Records from a data collection

------------------------------------------------

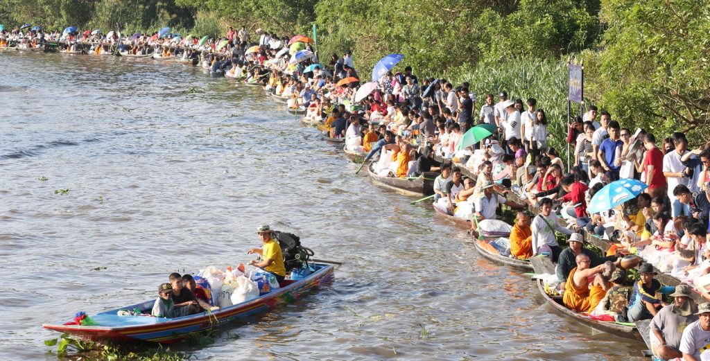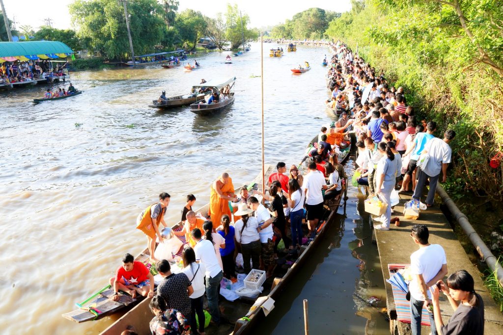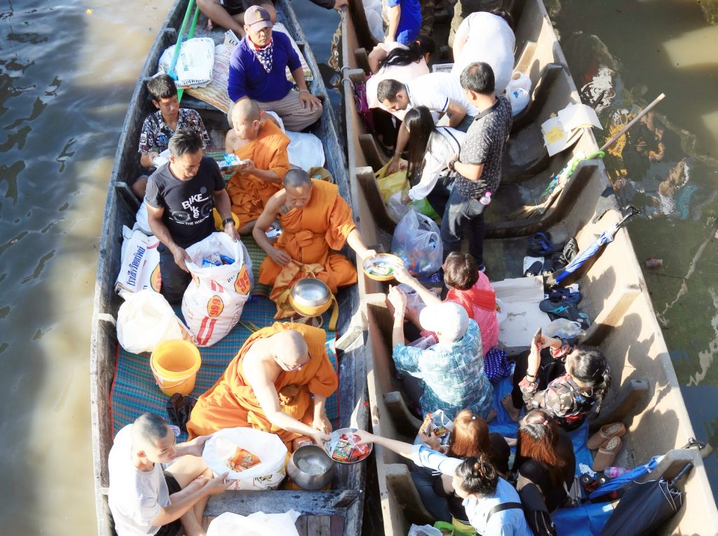 ประเพณีตักบาตรพระร้อยทางเรือ เอกลักษณ์ความเป็นไทย วัดสุทธาโภชน์ ลาดกระบัง
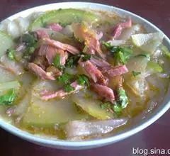 羊骨头一起投入大锅里熬汤,再将切成块的新鲜羊肉与清洗干净的羊杂一起投入汤锅中煮。煮熟后捞起来沥干,然后切成薄片放入滚开水里一氽,放入汤碗中,冲入滚烫雪白的羊汤,撒上碧绿的葱花,一碗热气腾腾、香气四溢的羊肉汤就做成了。
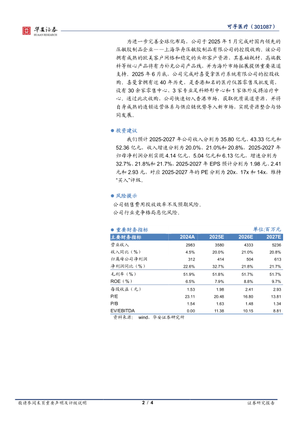我们预计2025-2027年公司收入分别为35.80亿元、43.33亿元和52.36亿元,收入增速分别为20.0%、21.0%和20.8%,2025-2027年归母净利润分别实现4.14亿元、5.04亿元和6.13亿元,增速分别为32.7%、21.8%和21.7%,2025-2027年EPS预计分别为1.98元、2.41元和2.93元,对应2025-2027年的PE分别为20x、17x和14x,维持“买入”评级。
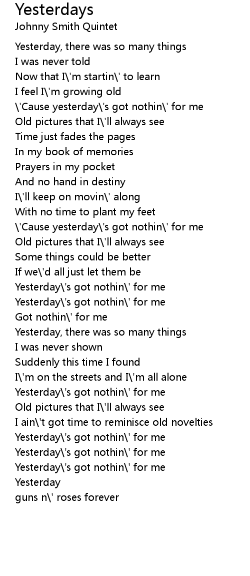 Yesterdays Lyrics
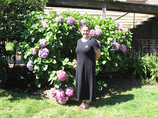 I don't like to always be behind the camera so I posed with some early hydrangeas. My *favourite* flowers.

------------------------------------------------

» Exercise goal
Beginning with the line that contains "Yesterdays Lyrics", output every line down to the last line of the entries above exactly as written, apart from the pictures.

» Task answer
 Yesterdays Lyrics
 I don't like to always be behind the camera so I posed with some early hydrangeas. My *favourite* flowers.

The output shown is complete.